To study the relationship between C-kit and the degree of tumour differentiation, the specimens were divided into two groups. Group I included the moderate and well-differentiated tumours while group II was composed of poorly differentiated tumours. In group I, 55.6% (20/36) of the specimens displayed positivity for C-kit, whereas 35% (7/20) of specimens in group II showed positive expression. There was no statistically significant difference between the two groups as regards C-kit expression (P = 0.98) (Table 2).
Immunohistochemical expression of VEGF in retinoblastoma
Positive VEGF immunoreactivity was detected in 76.8% (43/56) of retinoblastoma cases. VEGF immunostaining was noted in the cytoplasm of the neoplastic cells (Figure 3). It was also expressed within vasculature of adjacent uninvolved retina.
Figure 3.
VEGF expression in retinoblastoma: (A) Strong cytoplasmic positivity, (B) The same field with higher magnification power, (C) Moderate positivity, (D) Weak positivity [Immunohistochemistry, original magnification, (A) × 200; (B-D) × 400].
VEGF expression was more frequent in tumours with optic nerve invasion than in those without optic nerve invasion. This finding was statistically highly significant (P = 0.01) (Table 2).
The majority of tumors with choroidal invasion (77.1%) were also positive for VEGF. However, there was no statistically significant difference between cases with negative and positive choroidal invasion (P = 0.43) (Table 2) or cases with massive and minimal choroidal invasion (P = 0.38) (Table 3).
No statistically significant difference was found between various patterns of tumour growth (P = 0.51) or different degrees of tumour differentiation (P = 0.26) (Table 2) regarding VEGF expression.
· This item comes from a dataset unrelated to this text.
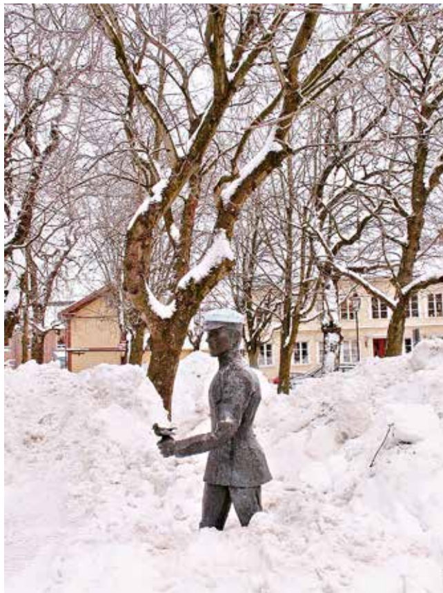
Skaradjäknen med sånglärkan ser ut att trivas även i djup snö.

Immunohistochemical expression of both C-kit and VEGF in retinoblastoma
Comparing the expression levels of C-kit and VEGF in each case, out of 27 retinoblastoma cases with positive C-kit expression, 25 cases (92.6%) also showed VEGF expression. A highly significant difference was found between positive and negative cases (P = 0.01) (Table 4).
Table 4.
C-kit and VEGF immunohistochemical expression in retinoblastoma cases (n = 56)
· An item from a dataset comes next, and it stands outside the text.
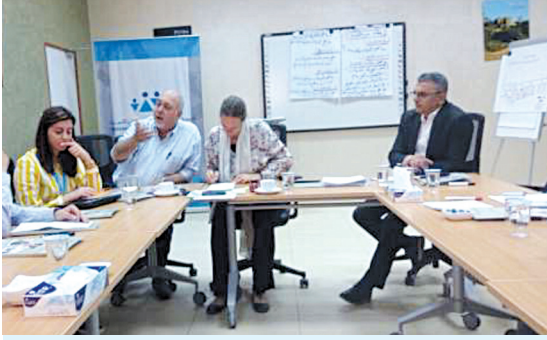
فريق البحث التابع لليونيسف/ المجلس الوطني لشؤون الأسرة

| VEGF expression | C-kit expression | |||
|---|---|---|---|---|
|
| ||||
| Negative n (%) | Positive n (%) | P-value | ||
| 29 (51.8%) | 27 (48.2%) | |||
| Negative | 13 (23.2%) | 11 (38.0%) | 2 (7.4%) | 0.01 (HS) |
| Positive | 43 (76.8%) | 18 (62.0%) | 25 (92.6%) | |
n: number of cases, HS: highly significant.
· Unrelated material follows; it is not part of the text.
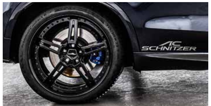
Schriftzug 250 mm, AC1 Rennsport-Schmiedefelge Schwarz in 22 Zoll
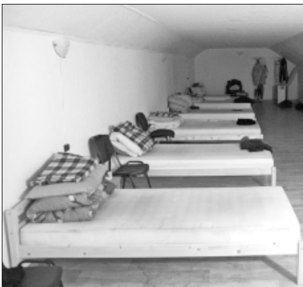
Darbinieku gultasvietas. Strādniekiem bija labiekārtotas gultas un citi sadzīves apstākļi.

Correlation between each of C-kit and VEGF expression and different clinicopathological variables
Pearson’s correlation coefficient was done between each of C-kit expression and VEGF expression and different variables: age, sex, tumor growth pattern, degree of differentiation and presence of choroidal or optic nerve invasion. A highly significant positive correlation was detected between C-kit expression and presence of choroidal invasion (r = 0.53, P ≤ 0.0001) as well as optic nerve invasion (r = 0.46, P = 0.0003). There was also a highly significant positive correlation between VEGF expression and presence of optic nerve invasion (r = 0.34, P = 0.009). Moreover, a highly significant positive correlation was found between C-kit expression and VEGF expression (r = 0.36, P = 0.006) (data are not tabulated).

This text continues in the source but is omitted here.